Quick Reference

Time Period:
c. 1937

Location:
Charlemont, MA looking across the
Deerfield River toward Purinton Hill

Medium:
Pastel on Board

Type:
Landscape

Category:
Purinton Hill /Brooks, Ponds, Rivers

Size:
22" X 29"

Exhibited:
Westfield Athenaeum, 1938


Provenance:
NA

Noteworthy:

This pastel painting the artist called "chalk drawings" is related to the oil painting Across the Winter River.

Related Links

Featured Artwork: The Winter River

RSW's Diary Comments


Diary Comments for Across the Winter River:

"Painted in 1937 from the window of Richmond place, East Charlemont..."


Editor's Note:

This pastel painting Woodward called chalk drawings (most likely due to the type of pastel), is the same subject as Across the Winter River (to the right). Woodward makes no mention of the pastel in his diary remarks for the oil painting.

If the artist was outside capturing this scene, we would suggest he drew the chalk and worked from that to made the oil. The reason is, if it were as frigid as it looks outside, he could work much quicker with the chalks and they are less likely to freeze.

The interesting thing about the chalk and the oil is that the oil's colors and contrast appear richer with more depth whereas many of the examples we have of matching oils and chalks are remarkably similar. So much so, that when side by side one would have trouble choosing which was what. In fact, it was a point of pride for Woodward.



Additional Notes


Adaline Havemeyer Frelinghuysen from her 1905 Bryn Mawr yearbook
Adaline Havemeyer Frelinghuysen
from her 1905 Bryn Mawr College year-
book. Her sister, Electra, is known for
founding the Shelburne Museum, VT.

Adaline Havemeyer Frelinghuysen is far and away Woodward's best customer. A resident of Morristown, NJ, she and her husband Peter Hood Ballentine Frelinghuysen Sr. (a former law school classmate of not-yet-President Franklin Delano Roosevelt and served as an usher at his wedding to Eleanor) summered in Manchester, VT. The earliest records we have of their relationship began with the start of the Southern Vermont Artist Association in 1927.


Over the years, we have learned that she and her husband bought as many as 40 paintings and we continue to discover more each year.

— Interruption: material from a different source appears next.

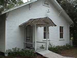 | Pine Level was one of the largest and only towns in Desoto County. Founded in the 1850's. There was a courthouse, jail, two churches, saloons, stores, warehouses, many homes. There were so many gunfights on the streets of Pine Level that it rivaled any Wild, West Town. The wild gambling, drinking and gunplay atmosphere of the town was such that criminal gangs were drawn there. The infamous "Sarasota Gang" made Pine Level their headquarters. Most of the gang was captured and brought to trial in 1855. According to research done by Historian, James Warnke, the old jail "leaked prisoners like a sieve". By the time of the trial only 9 were left. The trial drew National attention at the time. They were all acquitted and the money never found. In 1866 the town was made the county seat of then Manatee County. Pine Level only held the County seat for about 18 months and it was moved to nearby Arcadia on the Pease (Peace) River. Pine Level could not compete with Arcadia and the access to the river. The town slowly declined to a cattle and farming community until it disappeared completely. Research taken from an article by Gary Uebelhoer: The specifications for the Court House of 1866 was "a log house, 20 feet square in the cleaved 10-foot story with a room added to the end, 20 feet by 10 feet, with a partition through the room making two 10 foot Jury Rooms to be cased with 2-foot hart pine or cypress board and floored with planked or hyghed puncheon boards. One door in each side and two windows to be cased and faced with shutters. The house to be furnished with one table, 2 feet by 8 feet long, 22 10-foot benches, 1 box bench for the Judge." There was a few inches of sawdust on the floor and all had to endure flea infestation. It was said to be "the worst courthouse in Florida." The only standing structure on the town site today is the Pine Level Methodist Church, a single story white frame building. This structure is the bottom floor of the original school house that was used to replace the original Mehtodist Church (destroyed in the Hurricane of 1923) previously located immediately south across Pine Level Road. The top floor of this "new" church was destroyed by a hurricane in 1930 leaving only the first floor, which was re-roofed and is the present church. Mike Woodfin Submitted by: Mike Woodfin |

Primarily because there were a number of private sales that were not recorded in Woodward's records, as well as, Adaline's appreciation for pastels and chalks which Woodward did not keep records. We believe her love of pastels comes from her mother (Louisine W. E. Havemeyer) and her close friendship with an artist famous for her pastels, Mary Cassatt. Cassatt was also friends with Edgar Degas one of the most famous pastel artists of all time whom we believe had a significant influence on Woodward.

If you are wondering, Adaline is the daughter of controversial sugar magnate and renowned art collector, Henry Osborne Havemeyer of the famed Havemeyer Collection in the Metropolitan Museum of Art in New York City. Her mother, a leader of the sufferage movement.